Beef Sticks 01-01-2015-001.jpg



__ freakynorm
__ Jan 1, 2015


----------



## timstalltaletav (Jan 1, 2015)

Love sticks like these, I've been doing a batch every week or two for the few months.  They don't seem to ever last too long.


----------



## mathman (Jan 1, 2015)

Seems very easy. So I don't need to use casings on snack sticks? That will cut down on cost. 

Nice job:)


----------



## freakynorm (Jan 1, 2015)

I saw some snack stick kits and they were almost $20 and I couldn't figure out why. It's because of the casings they include with them. These look perfect and I am betting will taste just fine without the casings.

1 hour in now to add the smoke.













Beef Sticks 01-01-2015-006.jpg



__ freakynorm
__ Jan 1, 2015






Smoke has been added and 4 hours later. Should be ready in another hour or two.













Beef Sticks 01-01-2015-007.jpg



__ freakynorm
__ Jan 1, 2015


----------



## themule69 (Jan 1, 2015)

Looks good so far.

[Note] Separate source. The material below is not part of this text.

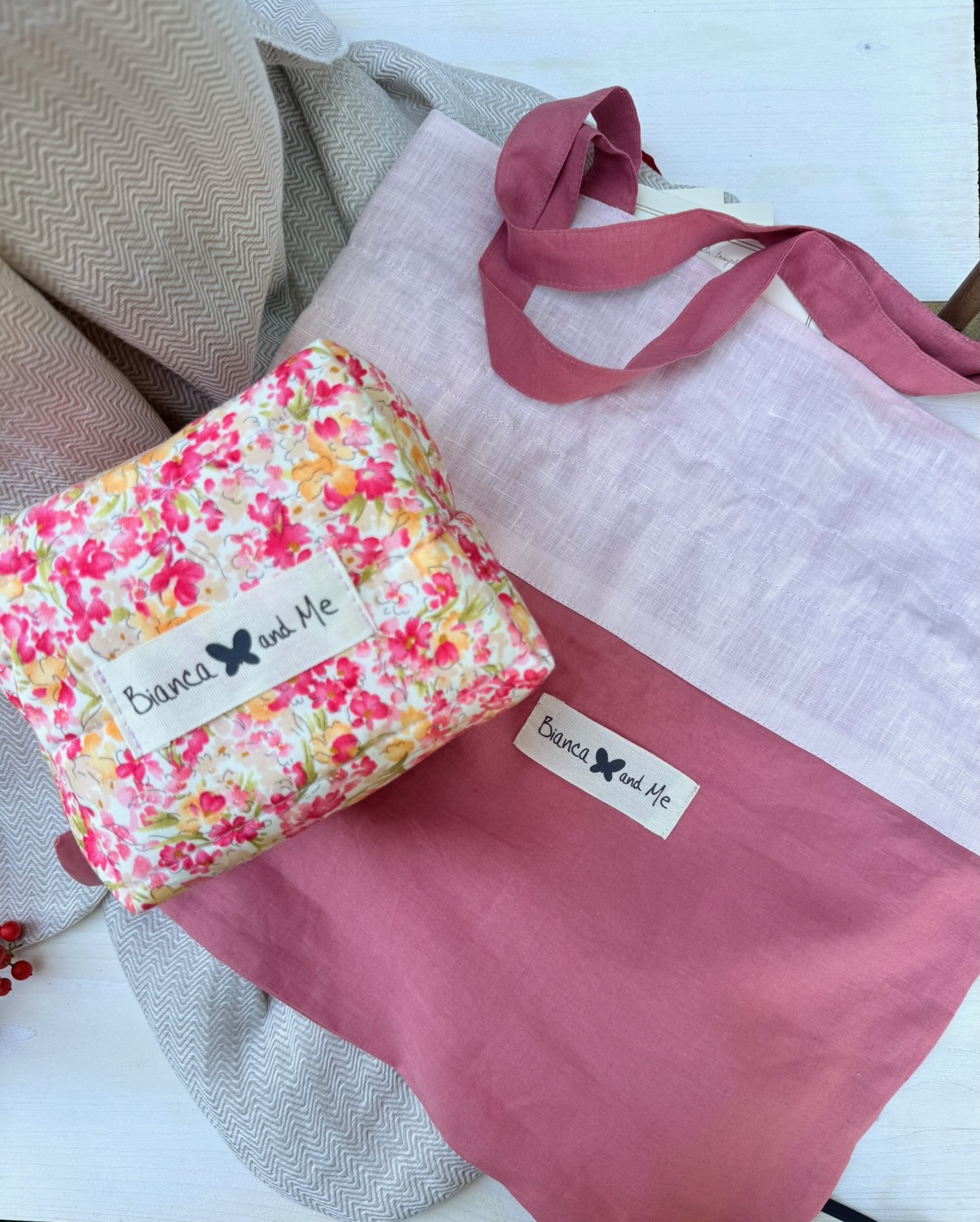 Capiente shopper in doppio lino, creata per Bianca and Me, con logo.

Take them to IT of 153°. 

Happy smoken.

david


----------



## freakynorm (Jan 1, 2015)

All done and they came out awesome. I am going to do the other 2 batches on Saturday and Sunday. I got two different sampler packs of Hi-Mountain brand. I think I will make 5 different flavors at 2lbs worth each. I am really pleased with the Lem Jerky Cannon. A very sound purchase. Easy to use, clean and very solid all around.

All done and resting after I wiped the fat off of them.













Beef Sticks 01-01-2015-010.jpg



__ freakynorm
__ Jan 1, 2015






All lined up and looking good.













Beef Sticks 01-01-2015-009.jpg



__ freakynorm
__ Jan 1, 2015






Rows and rows of meat. I got 60 sticks out of 5lbs of meat. Each stick is about 12 inches long.













Beef Sticks 01-01-2015-008.jpg



__ freakynorm
__ Jan 1, 2015






Homemade Slim Jims[emoji]174[/emoji] are pretty hard to beat!













Beef Sticks 01-01-2015-011.jpg



__ freakynorm
__ Jan 1, 2015


----------



## timstalltaletav (Jan 2, 2015)

Great turnout!  You have me thinking about making yet another batch this weekend...


----------



## crazymoon (Jan 2, 2015)

FN, Nice job on the stix ,they look great!


----------



## freakynorm (Jan 3, 2015)

Thanks. I am making 10 more lbs tomorrow and Sunday. I did 5lbs of Cabella's Sweet and Spicy, then 2lbs of Hi-Mountain Sweet and Spicy, 2lbs of Hi-Mountain Inferno and 1lb of Hi-Mountain Pepperoni flavor. 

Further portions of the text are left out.